In a significant policy shift, the United States Department of State has launched a 12‑month pilot programme, set to commence on 20 August 2025. Under the temporary rule, certain applicants for B‑1 (business) and B‑2 (tourist) visas may be required to post a refundable security bond ranging from US$5,000 to US$15,000, as a new condition for visa issuance.
Criteria and Targeted Applicants
The bond requirement applies to nationals of countries identified as having high visa overstay rates, deficient screening procedures, or Citizenship‑by‑Investment (CBI) programmes with no residency requirements. Currently, Zambia and Malawi are the two confirmed countries whose nationals will be affected, with more countries potentially added later.
How the Bond Will Work
- Consular officers will set the bond amount at either US$5,000, US$10,000 or US$15,000, taking into account the applicant’s individual circumstances.
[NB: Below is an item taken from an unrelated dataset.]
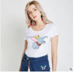 2020夏季新款小飛象圓領印花棉寬松短袖T恤女上衣潮
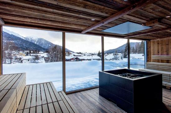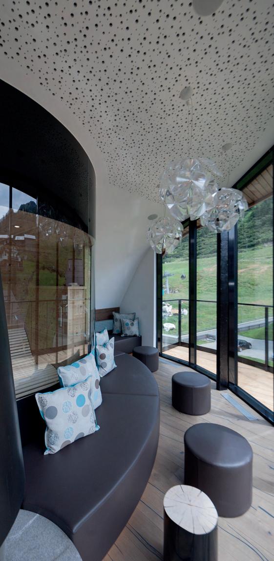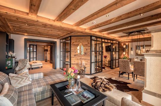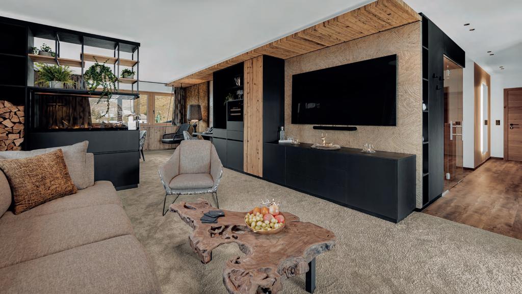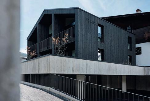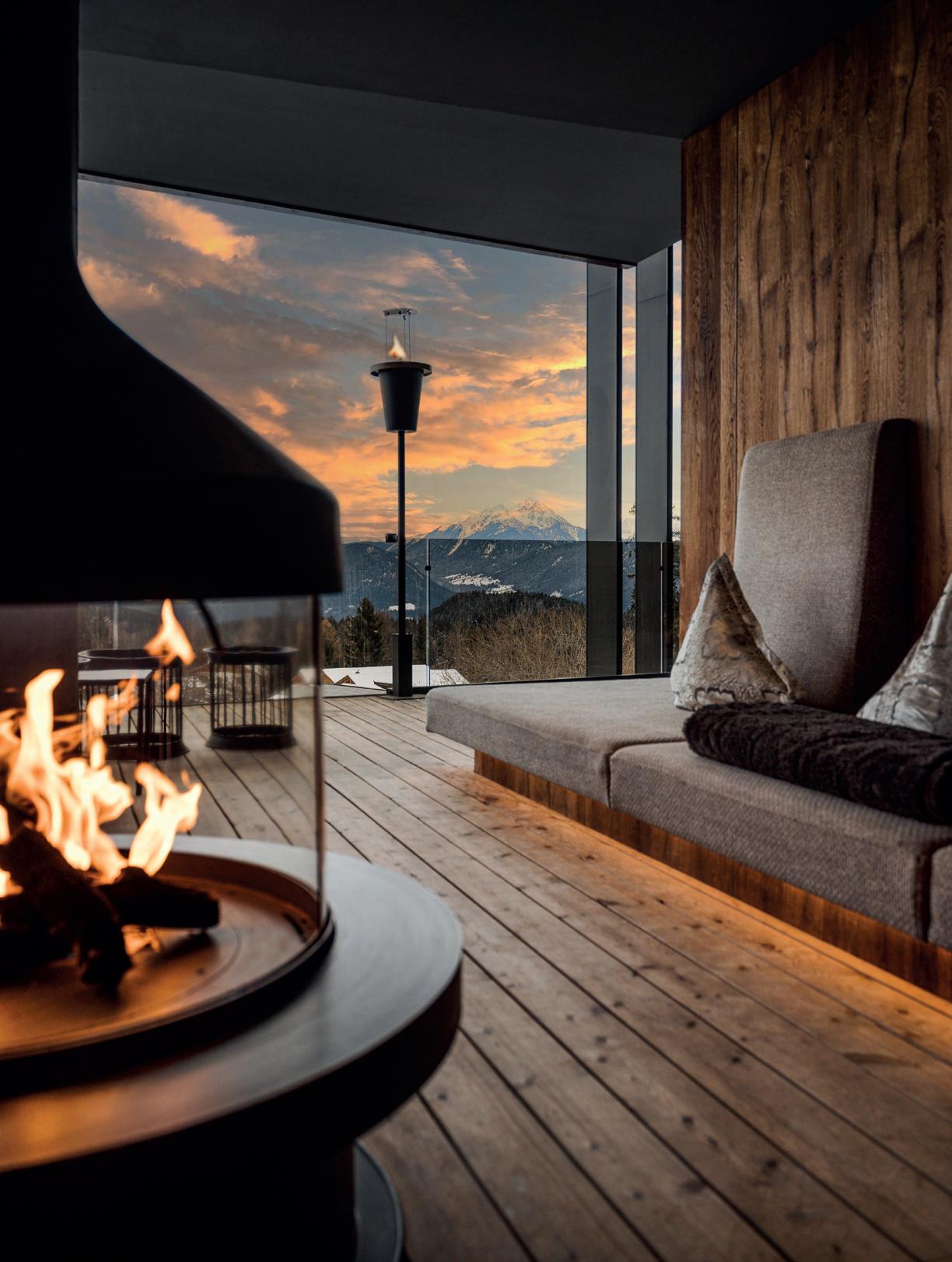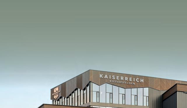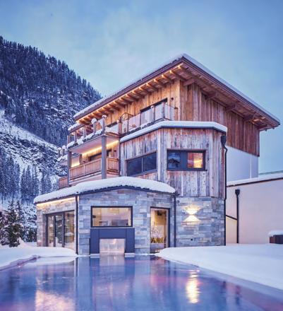 Architektur trifft Alpenpanorama. Das nordsüdlich-ausgerichtete Gebäude fügt sich harmonisch in die Landschaft ein. Rundum gibt es Außenbereiche, die einen 360°-Blick auf das Kitzbüheler Horn und den Wilden Kaiser eröffnen. Holz spielt eine wichtige Rolle und zieht sich als roter Faden durch das Design –außen rustikal und naturbelassen, innen in warmen, veredelten Tönen.

- Applicants must submit the bond using the official Form I‑352 through the U.S. Treasury’s Pay.gov platform, only when instructed by the consular officer.
- Payment through unauthorised third‑party sites will not be accepted or refunded.
Entry, Exit and Refund Conditions
Visa holders must enter and depart the United States via one of three designated airports Boston Logan (BOS), JFK in New York, or Washington Dulles (IAD) to ensure proper monitoring and eligibility for bond return.
If the traveller abides by all terms of the visa and departs as authorised, the bond will be fully refunded. In contrast, overstaying, failing to depart, or applying to adjust status (including seeking asylum) may result in bond forfeiture.
Additional Regulatory Details and Duration
The pilot programme is scheduled to run until 5 August 2026. It accounts for past criticism of visa bond schemes as overly cumbersome and aims to test operational feasibility and effectiveness as a tool for ensuring visa compliance.
Response from Affected Countries
There has been a strong response from Zambia’s government. Their Foreign Minister, Mulambo Haimbe, has criticised the bond requirement as an “unnecessary financial strain,” stating that it threatens trade, tourism, and people‑to‑people exchanges. He highlighted that the average household income in Zambia is around US$150 per month, making the bond largely unaffordable. Malawi’s government has not yet issued an official response.
In summary, the United States’ new visa bond pilot introduces significant financial safeguards for B-1 and B-2 applicants from select countries. While intended to curb visa overstays, it raises valid concerns about affordability and access. This development is a telling example of how immigration policy and international relations are increasingly interlinked.